You can also try to rarefy the air, moving oxygen closer to the fuel. If the air near the fuel is more oxygen rich, it is more likely to combust. This is why hospitals have so many safeguards when dealing with oxygen tanks. In the presence of extra oxygen, some things will combust that wouldn't have before, simply because the kinematics permit the runaway reaction sooner. (In fact, in SCUBA diving, there's something known as oxygen toxicity. It occurs when the partial pressure of oxygen gets high enough to start corroding your lungs!)
The most common solution, however, is a catalyst. Catalysts simply reduce the activation energy of the reaction by letting it occur using less energetic transient states. If you decrease the activation energy of the reaction, a larger portion of the molecules will be lucky enough to have enough velocity to react. This is what we're doing with the catalytic converter in a car's exhaust system. The conversion of the nitrous oxide compounds to nitrogen and oxygen is natural, but slow. The catalysts in the catalytic converter reduces the activation energy of this reaction, so that it happens fast enough to complete before the exhaust leaves the car.

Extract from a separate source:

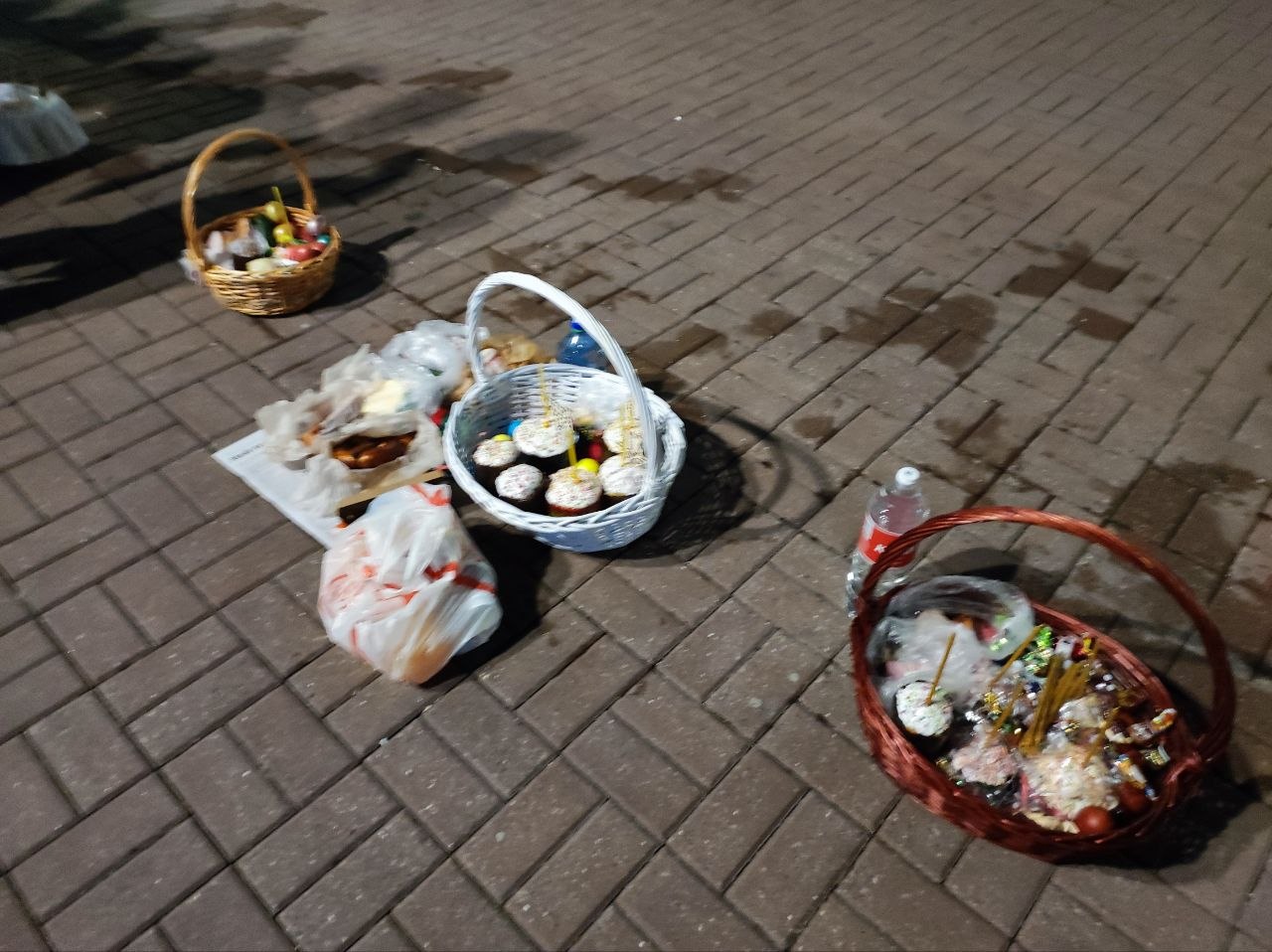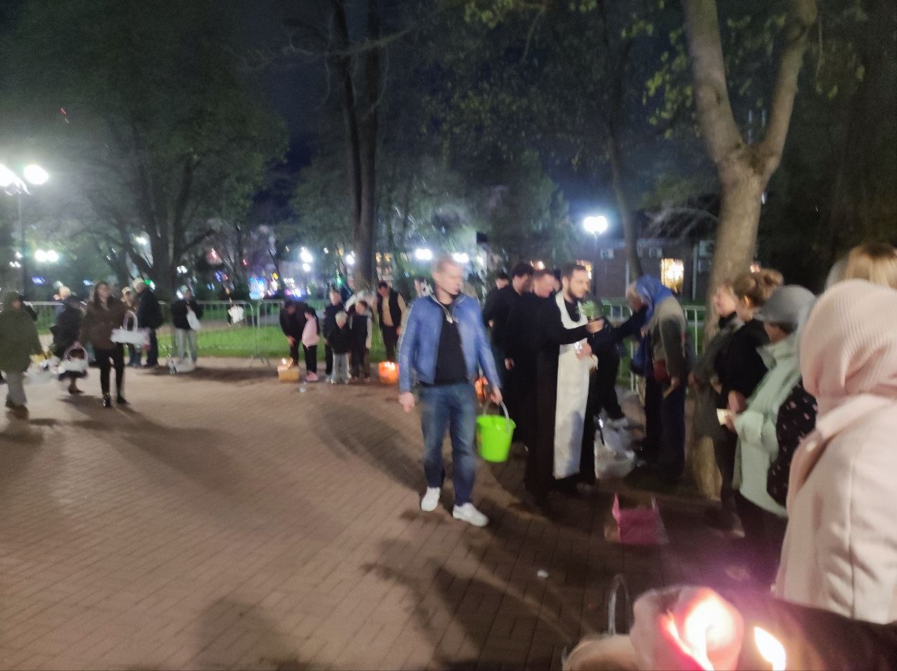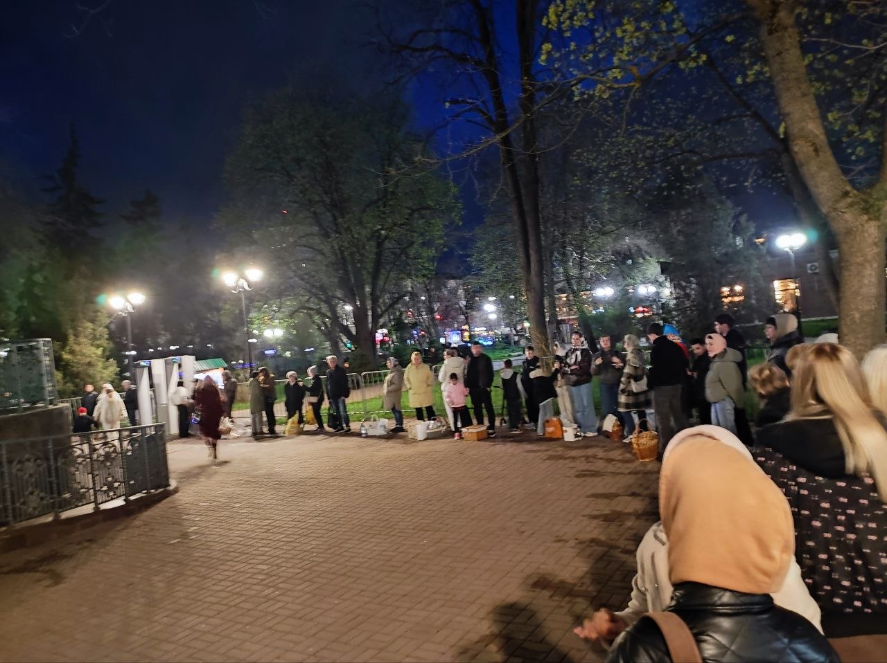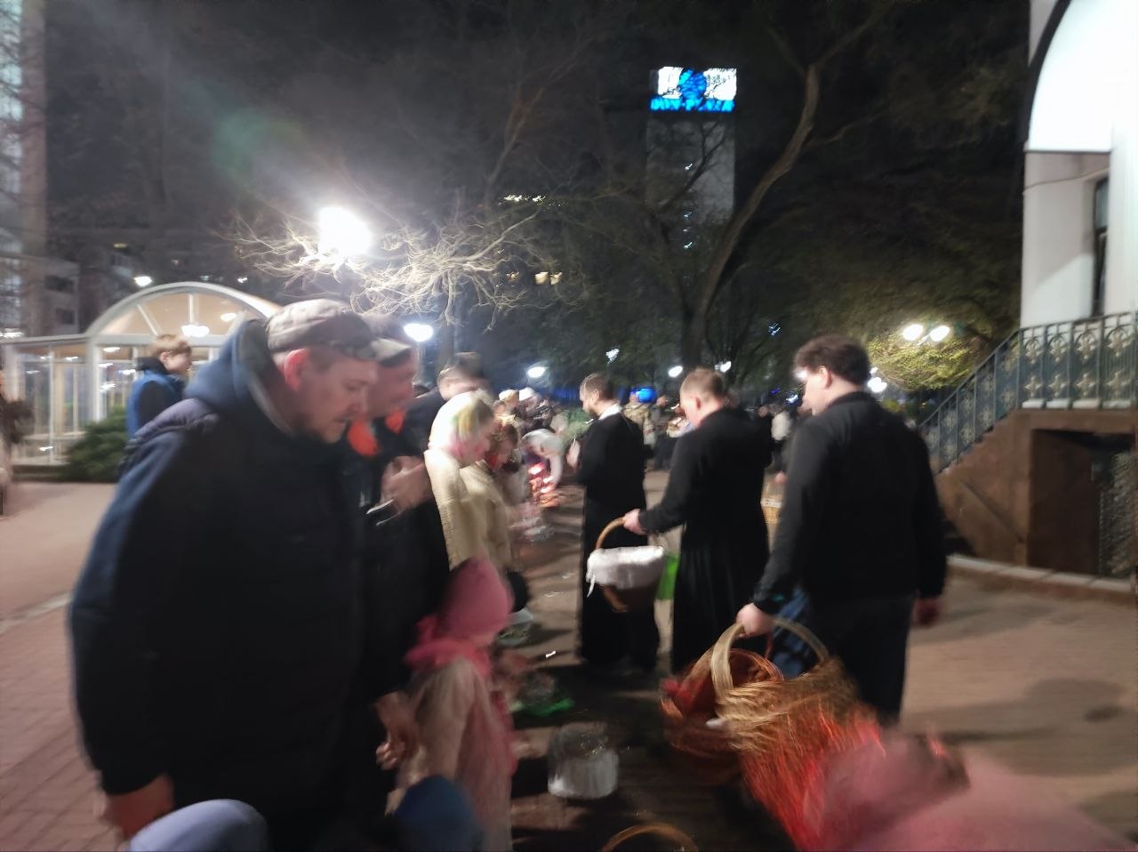 В Великую Субботу у храмов освящали пасхальную снедь. Тысячи верующих - воцерковлённых и просто следующих православной традиции - стояли у храмов кто с корзинками, кто с пакетами, а кто и просто держал в руках скромный куличик для завтрашнего разговления.

The best example of a catalyst in the world is catalase. Catalase is an enzyme produced in almost all living creatures to break down hydrogen peroxide. Hydrogen peroxide in the blood is a terribly powerful reducing agent which causes lots of problems, so we don't like it. It wants to break down into water and oxygen naturally (decomposition, not a redox reaction), but that process is slow, taking hours or days. Hydrogen perodixde usually causes its damage by then. The reaction is slow because the activation energy for this is quite high. Catalase decreases that activation energy so serverely that instead of taking hours it takes nanoseconds. We actually have trouble measuring how fast the reaction goes in the presence of catalase because its too fast! You've seen this reaction if you've poured hydrogen peroxide on a wound and watched it bubble. The bubbling is oxygen released from the decomposition catalysed by catalase.
The neat thing about catalysts is that, unlike the other methods, it can also help keep a fire going. Catalysts are not consumed in a reaction, so they can continue to affect it until the temperatures eventually break the catalyst down.
So hopefully those help. Catalysts are probably the way to go, but it's helpful to understand what fire actually is, so that you can explore all of your options.